Once again proven that browsing the web is like going to a diner party in a world where the handshake has been replaced with unprotected anal sex.
Sure, many people you meet may be offended when you insist on a condom (plugins like requestpolicy, and noscript) and say its some right of theirs to not let you sit at their table because of it, or rant on about how they need to get paid....
but at the end of the day.... its basic security. Loading and running code from random third party sites is not safe. It doesn't matter if its inside a restricted environment, its a risk. Its a risk website owners are in the habbit of irresponsibly magnifying for all of their viewers without a second thought
You should protect yourself. Wear condoms unless you really know your partner. Get some here:
https://requestpolicycontinued...
https://noscript.net/
If you have a browser other than firefox, you will need something else, I don't know what they are but, bottom line...protect yourself.

--
"I opened my eyes, and everything went dark again"
Please stop attention whoring by WaffleMonster · 2016-08-04 04:57 · Score: 4, Insightful

The takeaway we all learned many many years ago compression can be used as a side channel attack and therefore should probably never be used in conjunction with any stream containing sensitive data.
There is no need to invent different names based on where that compression occurs (CRIME, BREACH...etc.) or to assign even more aliases (HEIST) to the same damn thing. Wow you found a new set of metrics to enhance a side channel we all already knew about... so what?

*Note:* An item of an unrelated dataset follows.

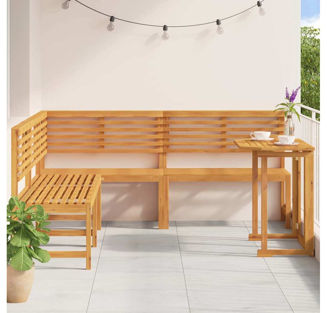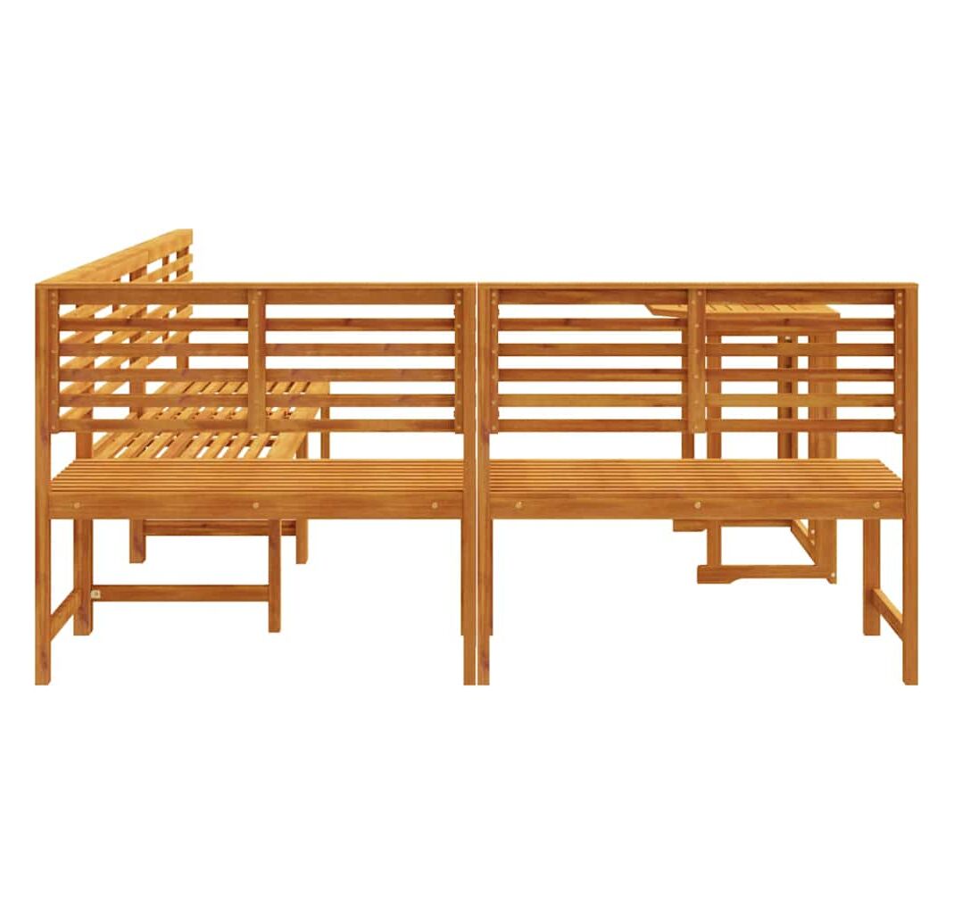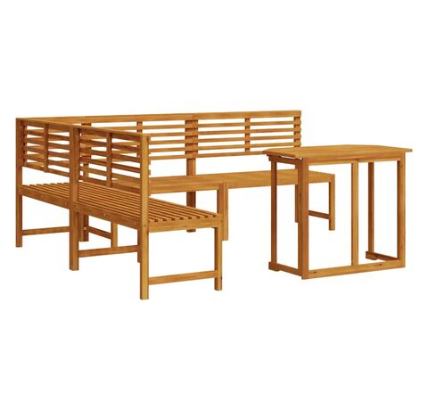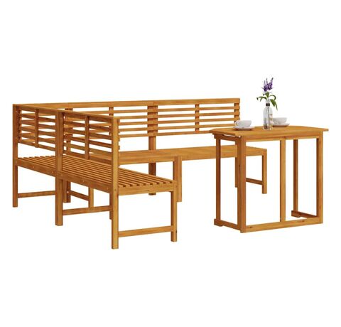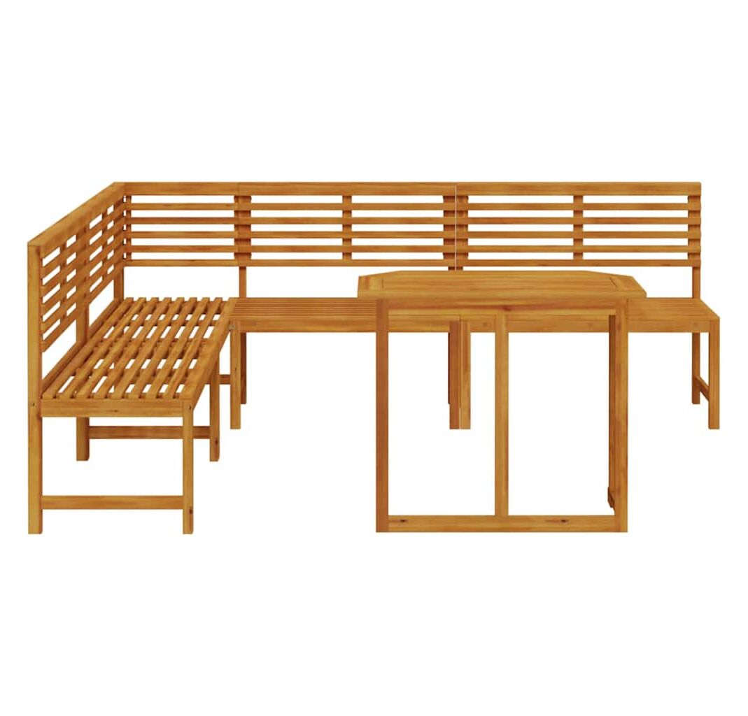 - Setul de dining e realizat din lemn masiv de acacia, asigurând durabilitate și rezistență la intemperii, ideal pentru utilizarea în exterior.

This is one of the things I always hated about Defcon at least in the early days there were all kinds of talks about different ways to exploit this and that when everyone knew they weren't secure in the first place... like the old joke about someone discovering you can mount an unencrypted drive on another operating system and access all your files without knowing the password!!
It often boiled down to nothing more than implementing what everyone understood was possible anyway. Not very useful in my opinion.
At this point in the game anyone with important information to protect still vulnerable to compression attacks should probably do everyone a favor and look for a new line of work. There really isn't a valid excuse at this point.